Why sorbolene only partly helps
Sorbolene works by sitting on the skin surface and slowing the evaporation of water. For skin that is still producing its own oils normally, this is enough. The lipid layer is intact. The barrier holds. Sorbolene just gives it a hand.
For diabetic skin, the lipid layer is already thinned. Sorbolene adds water, but there is nothing to hold it in. The skin feels softer for an hour or two, then returns to where it was. The cycle repeats every day.
This is not a problem with sorbolene. It is doing exactly what it was designed to do. The problem is that it was designed for a different skin condition.
What actually addresses the oil deficit
Replenishing the oils the skin has stopped producing requires a lipid-based ingredient, not just a humectant that pulls water into the outer layer.
Macadamia oil is unusual among botanical oils because it contains 17-22% palmitoleic acid (omega-7), the same fatty acid that makes up a significant part of the skin's natural sebum. When the sebaceous glands have stopped producing enough of it, macadamia oil can replace it directly.

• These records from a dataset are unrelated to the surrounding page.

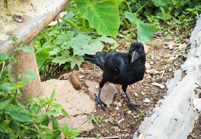 อีกาตัวนี้ดุมาก ใครเข้าไกล้มันจะไล่จิกค่ะ คนแถวนั้นเค้าบอกว่า ขนาดน้องหมามันยังไล่จิกเลย
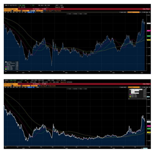 To that point it’s worth highlighting what’s happening in the debt markets vs equity. German 10Y bond yields have moved lower, but as per the chart below we’re at +20bps yield today vs -40/-60bps for much of 2021. Likewise the 3month Euribor (second below) is far from 2021 levels which is where the European banks have retrenched back to.
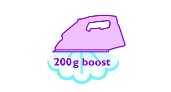 Strumień pary do 50 g/min ułatwia rozprasowywanie zagnieceń Ciągły strumień pary do 50 g/min zapewnia optymalną ilość pary pozwalającą skutecznie rozprasować wszystkie zagniecenia. |
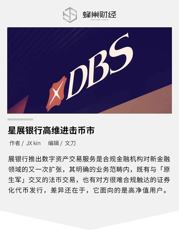 新加坡最大商业银行星展银行 DBS推出 DBS Digital Exchange(DDEx),这是合规加密交易、托管、STO业务,也支持 BTC/ETH/USDT 等法币兑换,但仅限合格投资者。 同年也发行了国库代币(Treasury Tokens)、区块链债券、稳定币结算 。
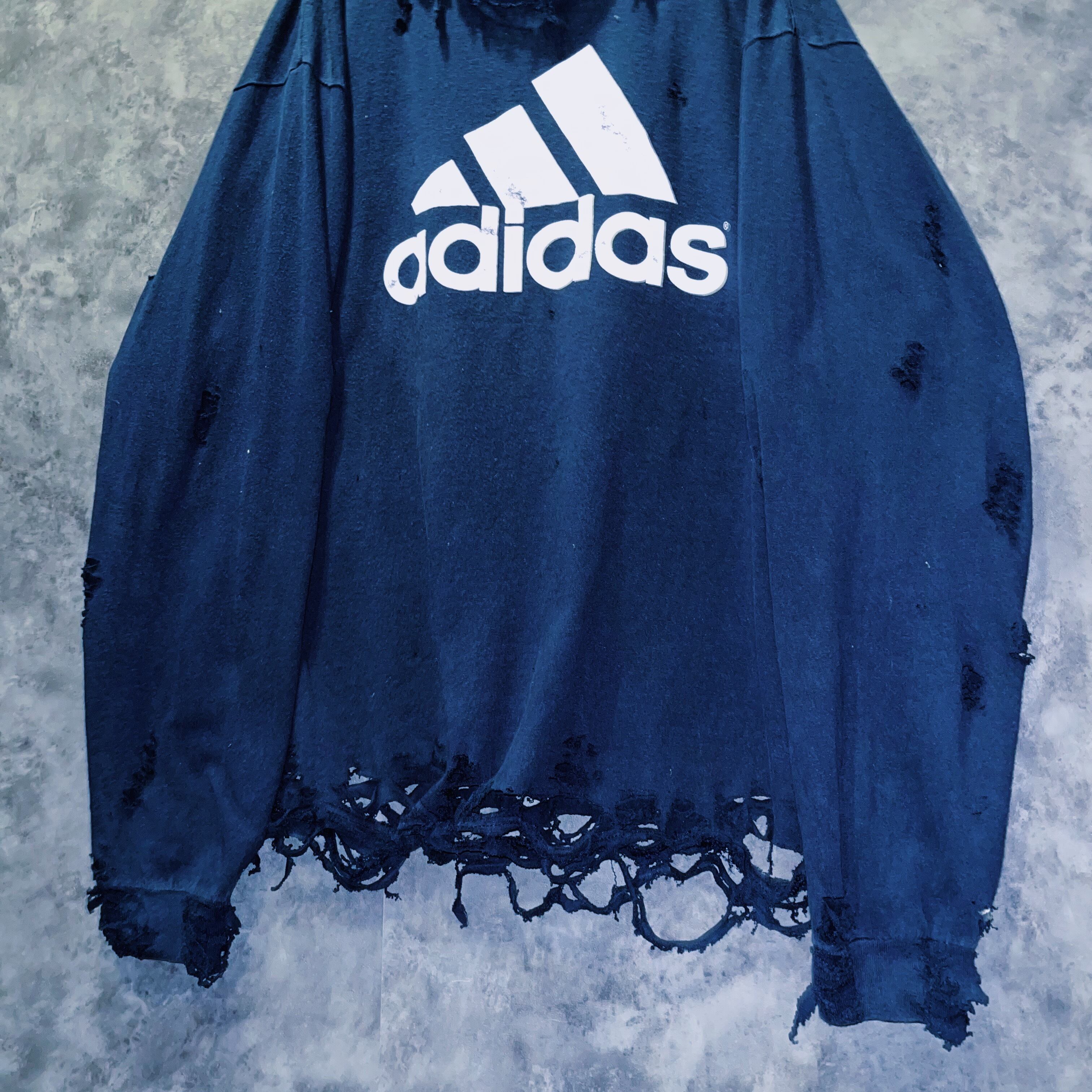 ヴィンテージ“adidas”パフォーマンスロゴデザインボロカスタムロングスリーブTシャツ
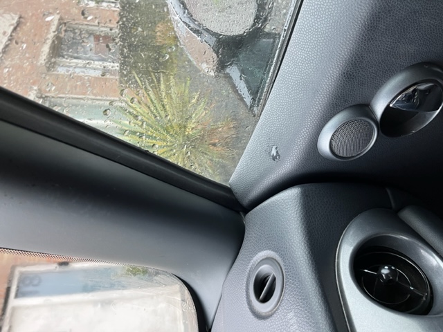 Tijdens de rit naar huis (in de regen) merkte ik dat er water bij het rechter raamrubber naar binnen drupte. Vandaag stond de auto ook weer even buiten en lekte er ook een beetje water naar binnen (zie foto's). Zou het met de het rubber of dat kanaal te maken kunnen hebben?
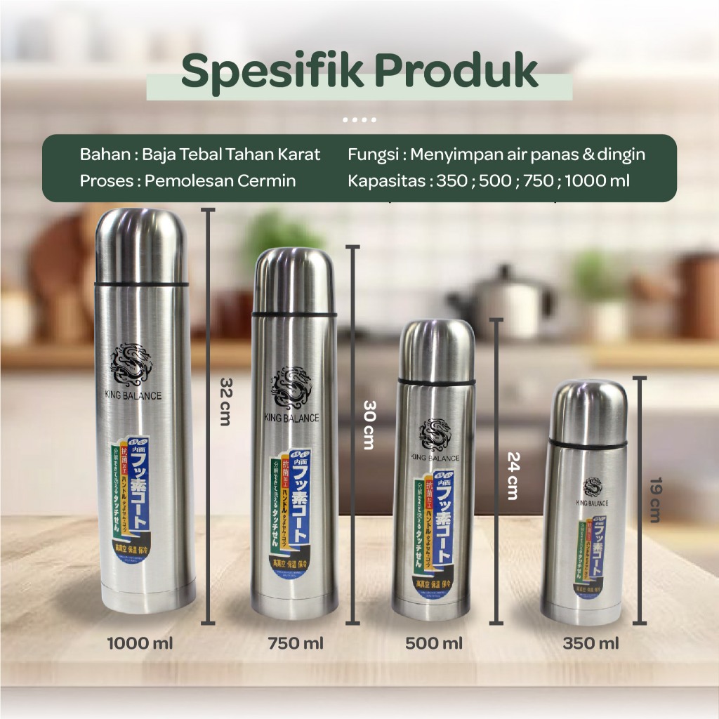 Termos Air Panas Termos Kapsul Stainless Steel 350ml 500ml 750ml 1000ml Free Tas 661
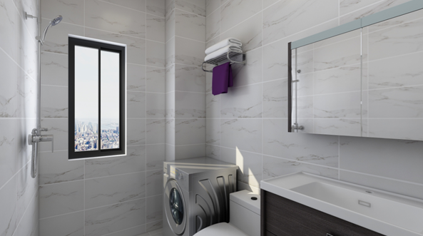 很多時候,由于房間戶型設(shè)計的局限性,衛(wèi)生間的面積比較狹小,但科學合理的設(shè)計,可以讓衛(wèi)生間看起來明亮寬敞且使用,雖然衛(wèi)生間狹小但是不要忽略衛(wèi)生間這個小地方,他關(guān)系著全家人的健康以及生活質(zhì)量,衛(wèi)生間設(shè)計要注意防水,防潮,通風,美觀和易清潔同樣重要,衛(wèi)生間里面采用懸空式浴室柜,這樣比較好清潔大理,馬桶后面加上花片點綴,為整個衛(wèi)生間增添了活力。
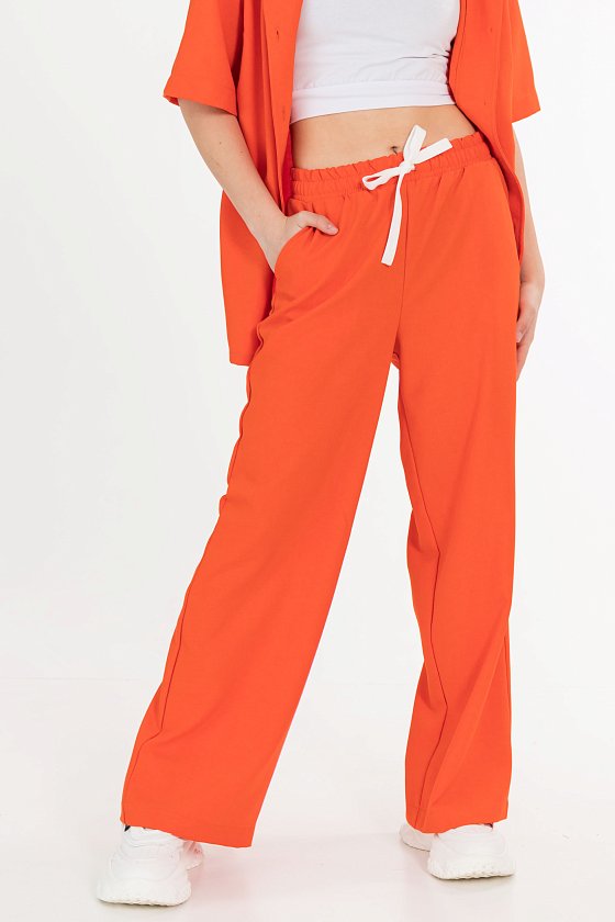 Брюки имеют свободный крой, пояс на резинке и шнуре, что обеспечивает комфортную посадку и позволяет регулировать обхват талии. Боковые карманы добавляют функциональность.
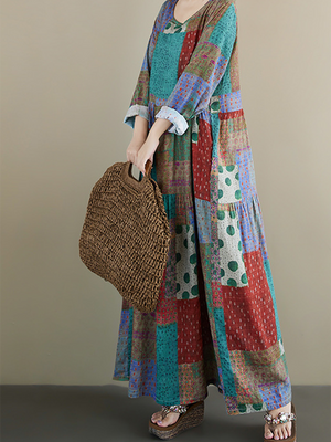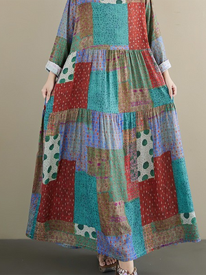 Women's Loose Plaid Polka Dot Print A-Line Dress
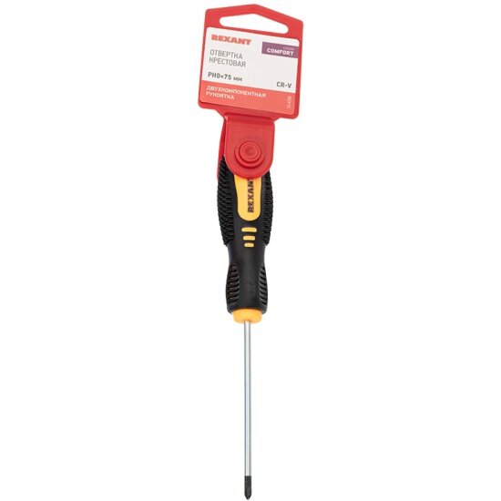 Отвертка крестовая PH 0х75 мм, двухкомпонентная рукоятка REXANT
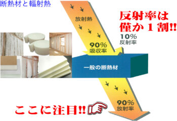 その結果、一般的な断熱材では、輻射熱(放射熱)の90%程度を吸収し、そして放射します。
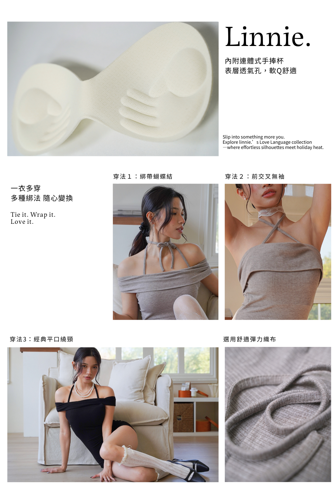 以穿上就能擁有Linnie.隨性的性感為主要目標,
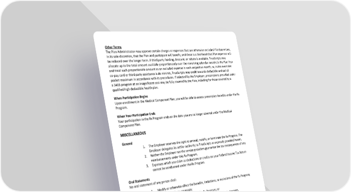 Other Terms The Plan Administrator may approve certain charges or expenses that are otherwise excluded if it determines, in its sole discretion, that the Plan and participant will benefit, and there is a likelihood that Plan expenses will be reduced over the longer term. If third party funding, discount, or rebate is available, TrueScripts may allocate up to the total amount available proportionately over the remaining calendar months in the Plan Year and treat such proportionate amount as an excluded expense in each respective month, or, in the event the co-pay card or third party assistance is de minimis, TrueScripts may credit towards deductible and out of pocket maximum in accordance with its procedures. If selected by the Employer, prescriptions provided under a 340B program at an insignificant cost may be fully covered by the Plan, including for those covered by a qualified high deductible health plan. When Participation Begins Upon enrollment in the Medical Component Plan, you will be able to access prescription benefits under the Rx Program. When Your Participation Ends Your participation in the Rx Program ends on the date you are no longer covered under the Medical Component Plan. MISCELLANEOUS General 1. The Employer reserves the right to amend, modify, or terminate the Rx Program. The Employer delegates its settlor authority to TrueScripts as expressly provided herein. 2. Neither the Employer nor the service providers guarantee the tax consequences of any reimbursements under this Rx Program. 3. Expenses which you claim as deductions or credits on your Federal Income Tax Return cannot be reimbursed under the Rx Program. Oral Statements No oral statement of any person shall: 1. Modify or otherwise affect the benefits, limitations, or exclusions of the Rx Program; 2. Convey or void any coverage; 3. Increase or reduce any benefits of the Rx Program; or 4. Be used in the prosecution or defense of a claim under the Rx Program. Plan is not Worker’s Compensation Insurance The coverage provided under the Rx Program does not replace, supplement, or provide a substitute for benefits to which you are entitled under worker’s compensation; occupational disease; and similar laws. The Rx Program does not cover health services or expenses, directly or indirectly, related to such services that are provided or payable under worker’s compensation, occupational disease, and similar laws: 1. Even if you or the Employer are/is not properly insured or self-insured under such laws; Huntington County Community Schools Prescription Benefits Program SPD January 1, 2025 Page 14 of 15
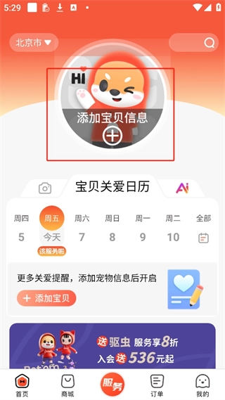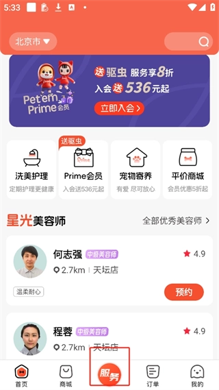 点击服务这里面可以预约上门给宠物洗澡等等
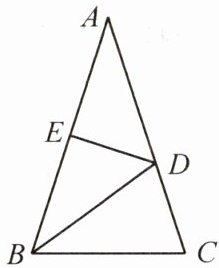 3.如图,$\triangle ABC$中,$AB=AC$,$AB$的垂直平分线$DE$交$AB$、$AC$于$E$,$D$.若$BD$平分$\angle ABC$,求$\angle BDC$的度数.

This is a structural difference from sorbolene and most water-based moisturisers. Rather than adding a layer on top of the skin, it replenishes a component that belongs inside the barrier.
What the pattern looks like when it is working
The way to tell whether a product is actually addressing the lipid deficit rather than just the surface is whether the skin holds up between applications. Water-based products applied to lipid-depleted skin often feel good immediately but require constant reapplication to maintain any effect. A lipid-replacing formulation applied consistently changes the baseline state of the barrier over time.
My friend noticed the difference within two weeks of switching from sorbolene to Calm+. Her shins stopped cracking. Her podiatrist noticed at her next appointment and asked what had changed.
She did not get a miraculous result overnight. The skin needed consistent application to build up the barrier properly. But the cycle she had described, moisturising to watch it stop working, stopped.
Frequently Asked Questions
Why does my skin feel dry so quickly after moisturising if I have diabetes?
Diabetes impairs the sebaceous glands that produce the skin's natural oils. Standard moisturisers replace water but not the oil component. Without the lipid layer to hold moisture in, water evaporates quickly and the skin returns to dry. A product that replenishes the lipid component as well addresses the underlying barrier deficit.
Is sorbolene bad for diabetic skin?
Sorbolene is not harmful. It is fragrance-free and widely recommended. Its limitation for diabetic skin is that it is water-based and does not address the oil depletion that long-term diabetes causes. It helps temporarily but does not change the underlying barrier state.
What moisturiser do podiatrists recommend for diabetic skin?
Podiatrists typically recommend fragrance-free products. Many recommend urea-based creams for feet specifically, because urea helps with thickened skin. For the broader dryness and barrier thinning that diabetes causes, a product that contains lipid-replacing oils addresses a component that urea-based products do not.
How long does it take to see improvement in diabetic dry skin?
This depends on how depleted the barrier is and how consistently the product is applied. Most people notice a meaningful difference within two to four weeks of daily use morning and evening. The skin needs consistent lipid replenishment to rebuild the barrier, not just temporary surface softening.
Can I use Calm+ alongside my existing podiatrist-recommended products?
Calm+ is suitable for use alongside other fragrance-free skincare products. If you have a specific podiatrist-recommended product for your feet, using Calm+ on legs and body alongside it is straightforward. Your podiatrist can confirm what is appropriate for your specific situation.
The cycle of applying moisturiser and watching it stop working is not a sign that nothing can help diabetic skin. It is a sign that what you are using was designed for a different problem.
Understanding that distinction is usually where the improvement starts. The skin is not resistant to care. It needs a different kind of it.